Подчас эти эскапады принимали уж слишком острый характер, но ему все прощалось: ведь это был Тиллет.
Однажды Тиллет привел с собой голландца Эдо Фимена. Это был высокий, мускулистый человек, с румяным лицом, тоже транспортник, как и Тиллет. Они были друзья, и Тиллету, видимо, хотелось похвастаться своим товарищем. Фимен играл видную роль в Амстердамском Интернационале, но в противоположность секретарю последнего Удегесту, весьма антисоветски настроенному, он занимал чрезвычайно левые позиции.
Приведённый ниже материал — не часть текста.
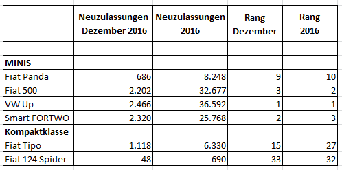 Auch im letzten Jahr belegte der Fiat 500 Platz 2 in Deutschland, Fiat 500 der Dauerzweite!
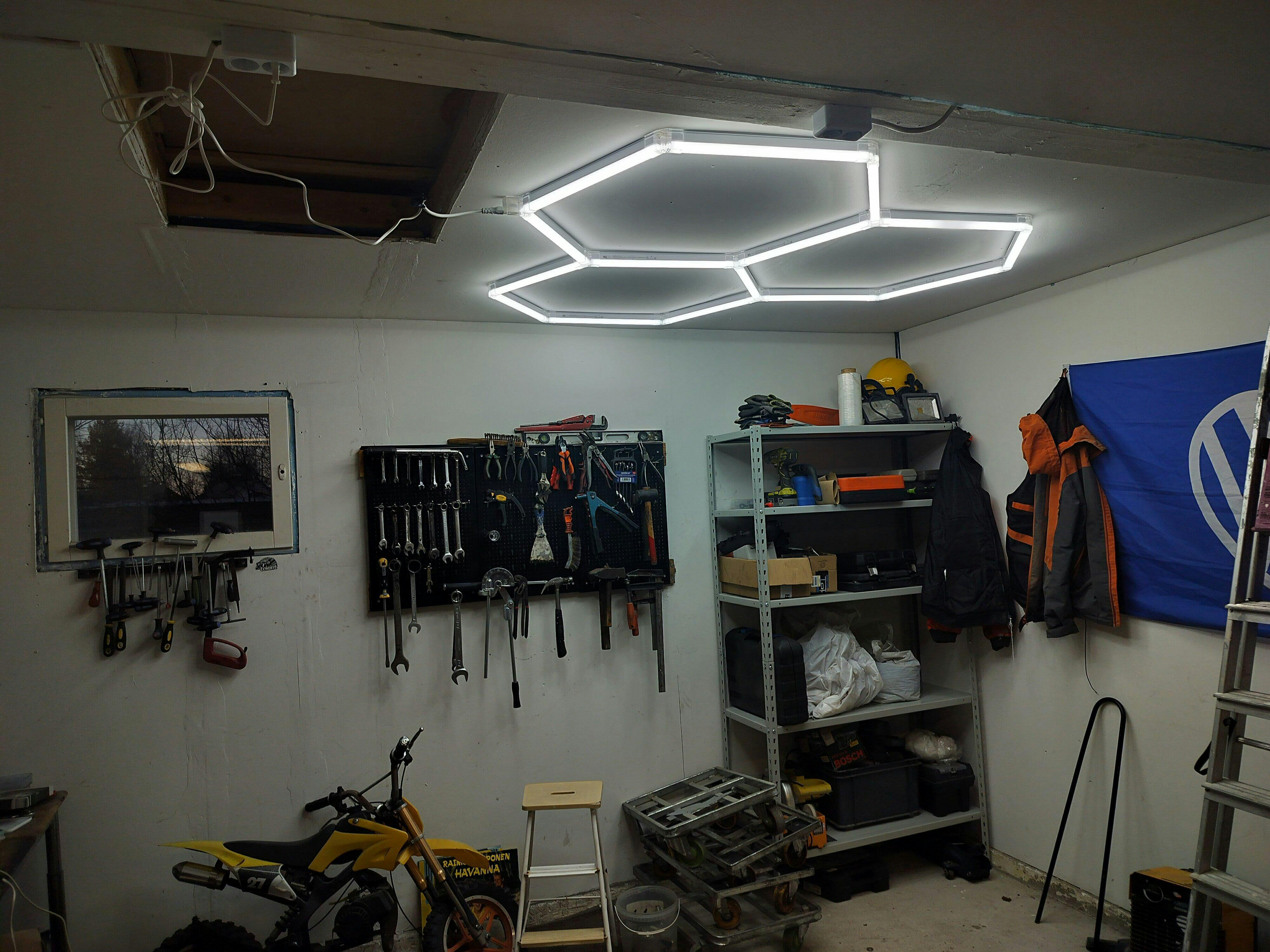 "Kattoon kiinnittäminen oli helpompaa kuin ennakoin, koska häkkyrä oli kevyt. Valoteho on just niin hyvä kuin toivoinkin. Autotalli piti siivota ja tyhjentää roinasta asennuksen jälkeen, koska aiemmin hämärien nurkkien sotkut tulivat näkyviin."
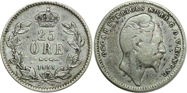 O7999 Schweden Sweden 25 Öre Oskar I 1855 ST Silver ->M offer
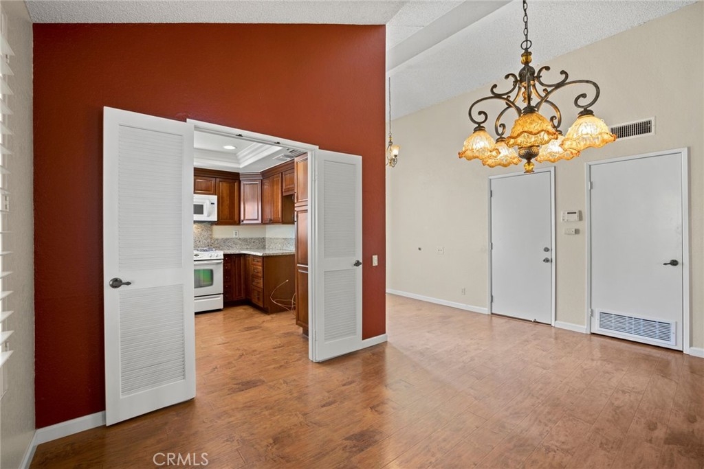 Beautiful 2 bedroom, 2 bathroom, single story home with a private view balcony in the community of La Mancha in Mission Viejo! Enjoy a formal entry to the breakfast nook and gourmet kitchen. The kitchen features granite countertops, white appliances, and elegant wood cabinetry. A few steps down lead to the family room with a brick fireplace and vaulted ceilings. The primary bedroom features a walk-in closet and a lovely updated walk-in shower. Sliding doors open to the balcony with views of the community trees and walking paths. Additional property highlights include the 2 car attached garage. Community amenities include the swimming pool, spa, and walking paths. Convenient to area schools, shopping plazas, parks, and major freeways!
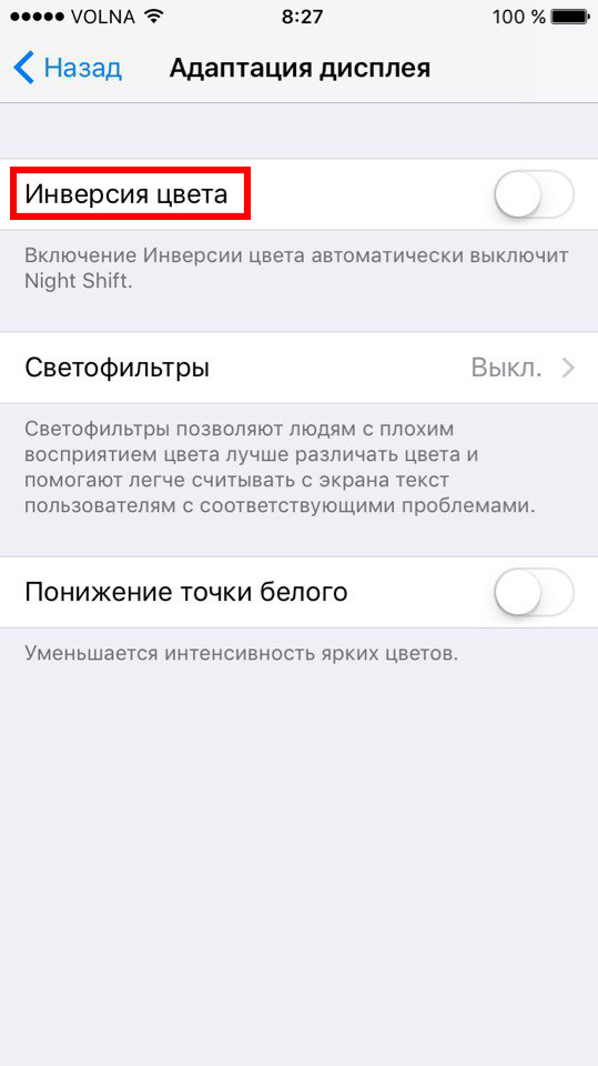 Теперь при тройном нажатии на кнопку «Home» сразу же включится функция Smart Invert.
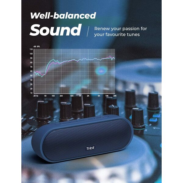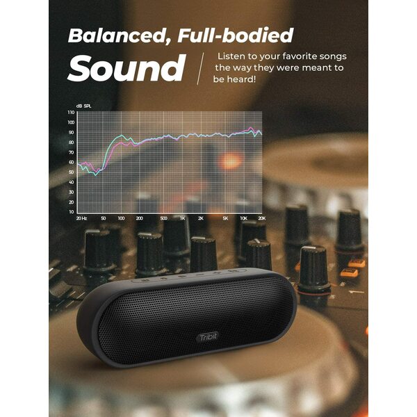 Bass that Booms - MaxSound Plus Sound is all about big bass vibes. Tribit's exclusive XBass technology with world-class low-frequency drivers and DSP algorithm tuned to maximize bass frequency output while preserving its mix accuracy.
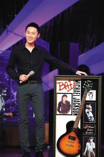 梁博一回来就收获颇丰,得到了公司董事赠送的有迈克尔·杰克逊签名的吉他。 新京报记者 郭延冰 摄
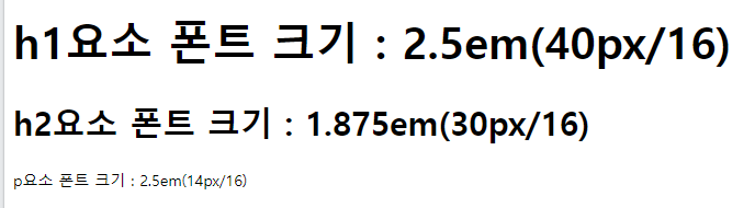 | <!DOCTYPE html> <html> <head> <style> h1 { font-size: 2.5em; /* 40px/16=2.5em */ } h2 { font-size: 1.875em; /* 30px/16=1.875em */ } p { font-size: 0.875em; /* 14px/16=0.875em */ } </style> </head> <body> <h1>h1요소 폰트 크기 : 2.5em(40px/16)</h1> <h2>h2요소 폰트 크기 : 1.875em(30px/16)</h2> <p>p요소 폰트 크기 : 2.5em(14px/16)</p> </body> </html> |
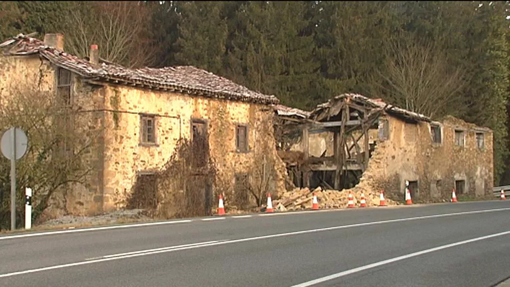 Una de las paredes de la casa, que estaba abandonada, ha caído sobre el turismo y ha afectado también al carril de la vía sentido Vitoria.
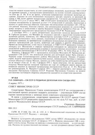 П.И. Савинцев - СМ СССР о подарках делегатам XXIV съезда КПСС. 4 марта 1971 г.

За ужином между нашими гостями разгорелся спор. Кто-то из присутствовавших англичан заговорил о мощи британского тред-юнионизма и в доказательство привел тот факт, что как раз летом 1925 г. правительство вынуждено было удовлетворить требования горняков (подробнее об этом ниже). Хикс, несколько подвыпивший, презрительно махнул рукой и воскликнул:
— Что правительство? Мы теперь получим от правительства все, что захотим.
Фимен, молча слушавший происходивший разговор, вдруг оживился и решительно воскликнул:
— Не согласен!
— Как не согласен? — задиристо реагировал Тиллет.
— А так, не согласен, — еще решительнее заявил Фимен. — Вы думаете, если Болдуин уступил горнякам, то вы уже стали хозяевами положения… Осторожнее на поворотах!.. Я не думаю умалять силу тред-юнионизма, она, к счастью, есть и служит английскому рабочему. Но взгляните на мировую ситуацию, кто ее определяет?.. Простите, дорогие товарищи, мировую ситуацию для нас, для рабочих, определяет Советский Союз!.. О, если бы Советский Союз вдруг внезапно исчез, как все сразу перевернулось бы в мире! Те самые предприниматели, которые сейчас вежливо с нами разговаривают и идут нам на уступки, немедленно же изгнали бы нас из своих приемных и так затянули бы на нашей шее петлю, что мы только-только не задохнулись бы!.. И уступки Болдуина вашим горнякам в последнем счете тоже объясняются наличием на земном шаре Советского Союза… Капиталисты боятся его… Ведь это соблазн для всех рабочих мира… Пример того, что могут сделать рабочие, если они всерьез рассердятся… Нет, нет, — думают капиталисты, — не надо доводить рабочих до крайности, как это было в России, будем лучше вежливы и любезны, пойдем им на частичные уступки… Вот что происходит сейчас в мире! И каждый рабочий, даже самый темный рабочий глубоко заинтересован из своих личных материальных соображений в том, чтобы Советский Союз существовал и успешно развивался… Я совершенно уверен, что любой западный рабочий согласился бы на треть понизить свой уровень жизни, если бы такой ценой он мог стать хозяином своего государства.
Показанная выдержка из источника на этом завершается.